Тёплый и ясный день закончился таким же вечером. Снова собрались друзья. Первым прибежал Симон, будто у него было меньше всего дел. Затем пришёл Критон с сыном. Аполлодор и Платон встретились где-то на улице и вошли во двор вместе, неся корзину со съестным. Ужинали и беседовали у костра, набросав в кучу горящих листьев сухих веток. Говорили о том же, о чём говорили вчера, — убеждали Сократа покинуть Афины.
Сократ отшучивался, а потом сказал:
— Они не успеют.
Они — это Критий и Лисандр.
Сократ произнёс это с такой уверенностью, что друзья его умолкли и призадумались. А он, выждав немного, продолжал:
— Лисандра уже нет: сегодня его флот вышел из Пирея. А Критий будет принимать решение так долго, пока Фрасибул не окажется разбитым. Лишь победив Фрасибула, он казнит меня. Но Фрасибула он не победит. И, зная это, он не станет усугублять свою вину перед народом казнью Сократа. Тем более что знает и другое.
— Что? — спросил Аполлодор, видя, что Сократ не собирается объяснять им это «другое».
— То, что знают все, — засмеялся Сократ. — Казнить стариков — всё равно что сбивать палкой орехи: и дереву плохо, и орехов мало. А надо всего лишь немного подождать, и все орехи упадут на землю сами. Так и со стариками, Аполлодор: зачем их сбивать палкой, если они сами вот-вот опадут?
Сократ сказал не то, что думал, когда говорил «и другое». Но предпочёл об этом умолчать, чтобы не расстраивать друзей. Подумал же он тогда о том дурном пророчестве, которое прежде Крития изрёк некогда молодой аристократ Калликл. Критий лишь уточнил пророчество Калликла, сказав, что Сократ погибнет от рук вождей народа, потакающих невежественной черни.
«Они не успеют, а я потороплюсь, — уже молча, не слушая друзей, продолжил свою мысль Сократ. — Если несправедливость — это величайшее зло, то существует зло ещё большее — оставить безнаказанными тех, кто совершил его. И было бы величайшим позором для меня допустить это. Я потороплюсь...»
Утром, ещё до рассвета, он вышел на Пирейскую дорогу, неся под мышкой завёрнутый в тряпицу наконечник копья, который накануне принёс ему Симон. Из порта уже потянулись к Афинам повозки с мукой и рыбой, за развалинами Длинных Стен блеяли перегоняемые овцы, над которыми кружили стаи перелётных скворцов.
Какой-то всадник едва не налетел на Сократа, замахнулся на него плетью и грубо закричал:
— Прочь с дороги! Срочное донесение! Прочь с дороги!

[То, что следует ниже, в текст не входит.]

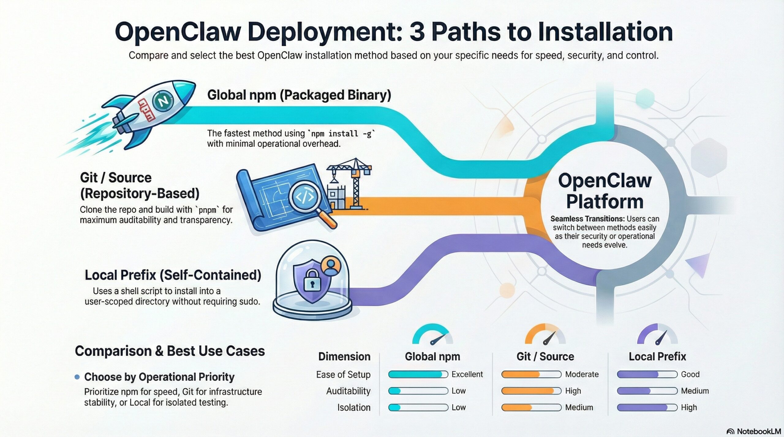 - Choose Git / Source if you care about supply-chain transparency, want deterministic upgrades, or run OpenClaw as long-lived infrastructure where predictability matters more than convenience.
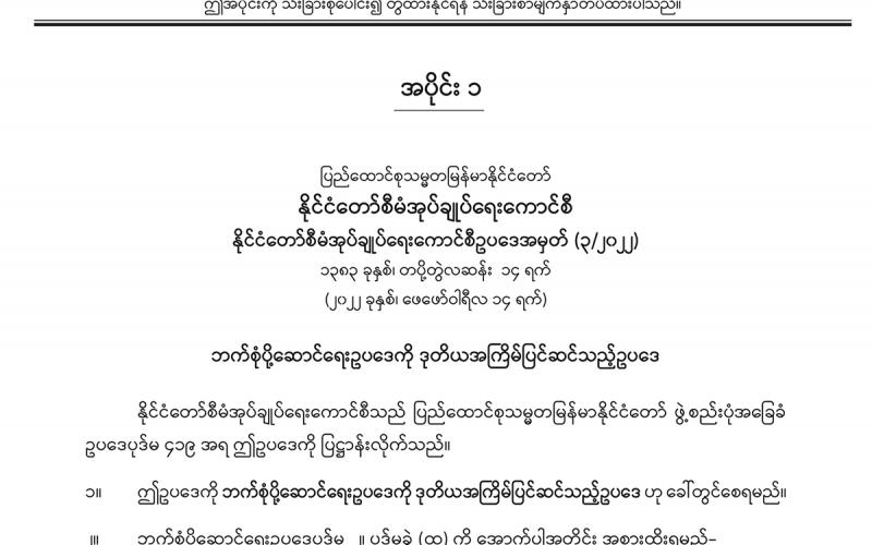 အပိုင်း (၂) တွင် အထွေထွေအုပ်ချုပ်ရေးဦးစီးဌာန အမိန့်ကြော်ငြာစာ၊

Сократ едва увернулся от его удара, ушиб о камень ногу и послал вслед наезднику проклятие. Пройдя дальше, он увидел опрокинувшуюся телегу, с которой свалились, разбившись о дорогу, амфоры с молодым вином. Возница бранился на чем свет стоит и проклинал всё того же всадника.
— Проклятый сикофант! — кричал он. — Собака хиосская! Погубил такое вино! Чтоб тебе захлебнуться в нём и утонуть! Чтоб ты разбил себе голову, как эти амфоры!
— Куда он так торопится? — спросил возницу Сократ, потирая ушибленную ногу. — Афины, кажется, не горят.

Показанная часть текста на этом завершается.